Aquel día ella no parecía querer desaparecer mientras él tonteaba, como de costumbre, con María. Nos cruzamos la mirada. En sus ojos adiviné un brillo de fiereza, de determinación. Me sonrió y yo bajé la vista, avergonzada. Se adelantó y empujó el botón del ascensor con rabia. Él cogió la llave de la “509”—siempre que estuviera libre, ocupaban la misma habitación— y miró a su alrededor. Parecía contrariado: no estaba a su lado, agazapada y sumisa. La alcanzó justo cuando la puerta se abría y desaparecieron camino del quinto piso. Les seguí con prudencia y con una zozobra que nunca antes había sentido. Era un día complicado de muchas salidas, y los carteles de “Por favor, limpie la habitación” se sucedían, pero el de la habitación 509 rogando no molestar ejercía una poderosa atracción por encima de la prudencia, por encima de mis obligaciones. Dejé el carrito frente a la 507 y me agaché.
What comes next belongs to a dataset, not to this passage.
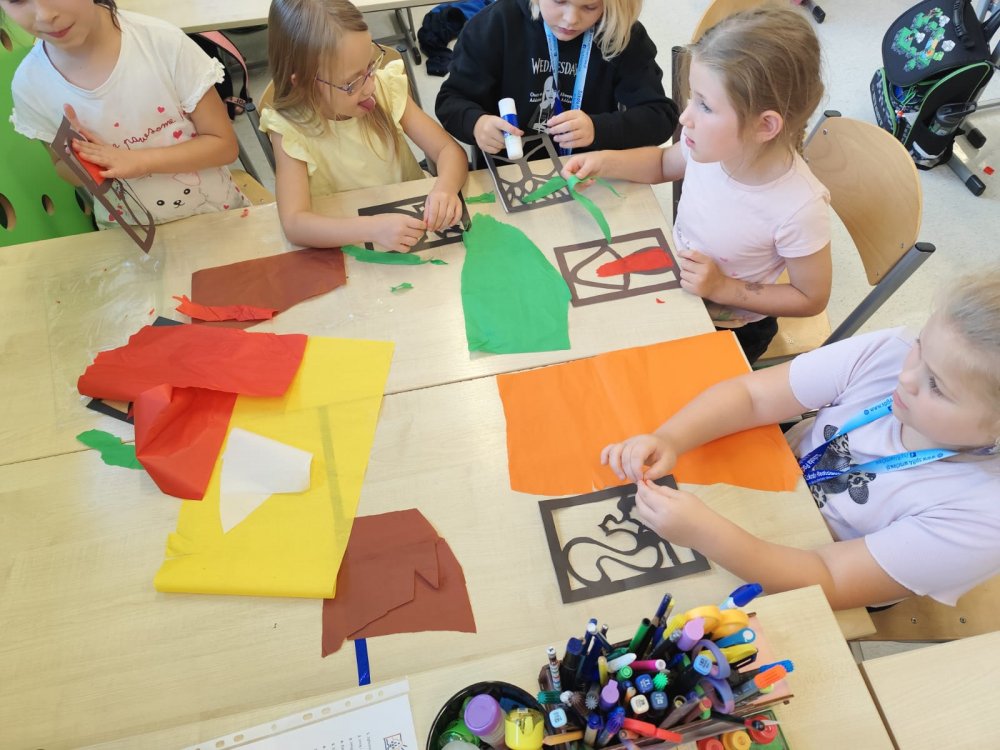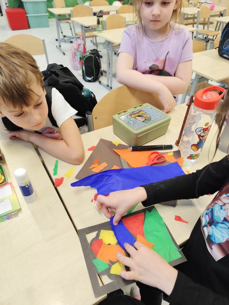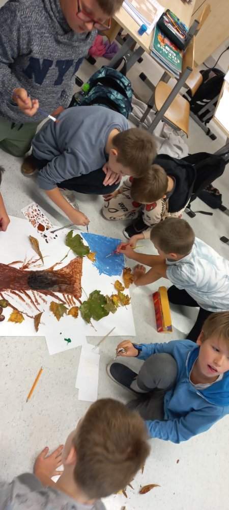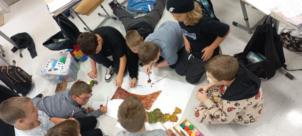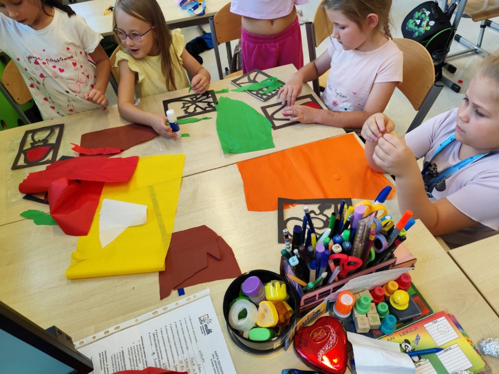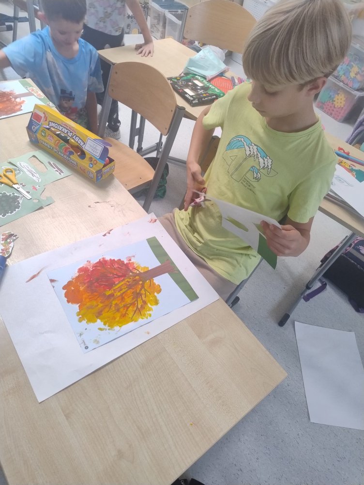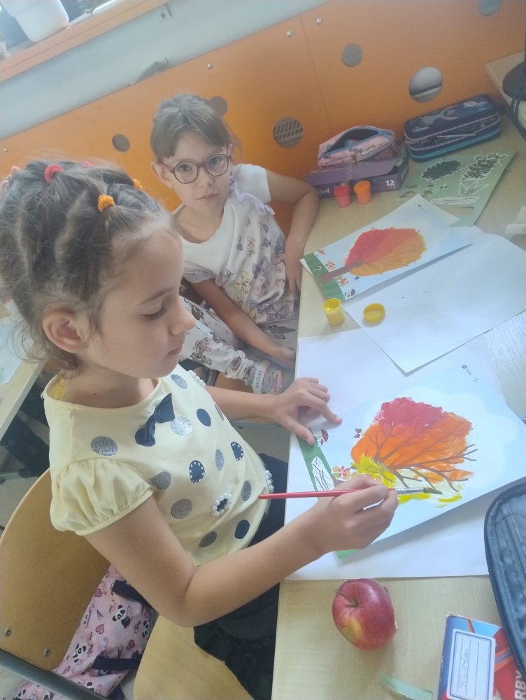 W naszych grupach świetlicowych zagościła już jesień – barwna, radosna i twórcza! Uczniowie powitali tę niezwykłą porę roku kolorowymi pracami plastycznymi, które pięknie ozdobiły korytarze przed klasami. Liście, jabłka, dynie i jesienne drzewa stworzyły prawdziwą galerię pełną ciepłych barw i dziecięcej wyobraźni.

Después de un interminable silencio la voz del hombre sonó ronca, entrecortada. —Así no puedo follarte… Pareces una momia —Yo tampoco puedo.
Y soltó una carcajada. —¿Te burlas de mí? —Esto es patético…. Esta semana he estado dándole vueltas a lo “nuestro”. Creo que deberíamos dejarlo aquí. Voy a volver con mi marido.
Silencio —Estás de broma…. Lo haces para presionarme, pero no serás capaz… —Seré capaz —le interrumpió—. Y también seré más feliz. Ahora lo sé.
Sonreí para mis adentro imaginándolo desnudo, estupefacto frente a una mujer también desnuda, pero poderosa y retadora. —¿Tú qué vas a saber? Tú, eres mía. ¡Mía! ¿Lo has entendido? —¡Suéltame, por favor! Me haces daño…
Primero, la súplica; luego un grito desgarrador. Después, el silencio.
Tengo el corazón acelerado. Me incorporo y me apoyo en la pared. Abro la 507 y me pongo a limpiar como una autómata, pero mi mente sigue en la habitación de enfrente. Acabo y me dispongo a seguir con la 506, pero retrocedo e, incumpliendo la rogativa de no molestar, doy dos golpecitos con los nudillos en la puerta de la 509. Nadie contesta, pero se oyen unos sollozos entrecortados. Decido avisar a la gobernanta. Acude e intenta comunicarse con el cliente, pero tampoco obtiene respuesta y llama al guarda de seguridad que decide entrar abriendo con la llave maestra. El hombre, desnudo, sentado sobre la cama con la mirada vacía y las manos sobre sus rodillas Las sábanas blancas salpicadas con motitas rojas como la réplica de Pollock que preside la cafetería.
A sus pies, el cuerpo de ella desnuda con el rostro y el cráneo destrozados. Y una lamparilla de bronce con restos sanguinolentos.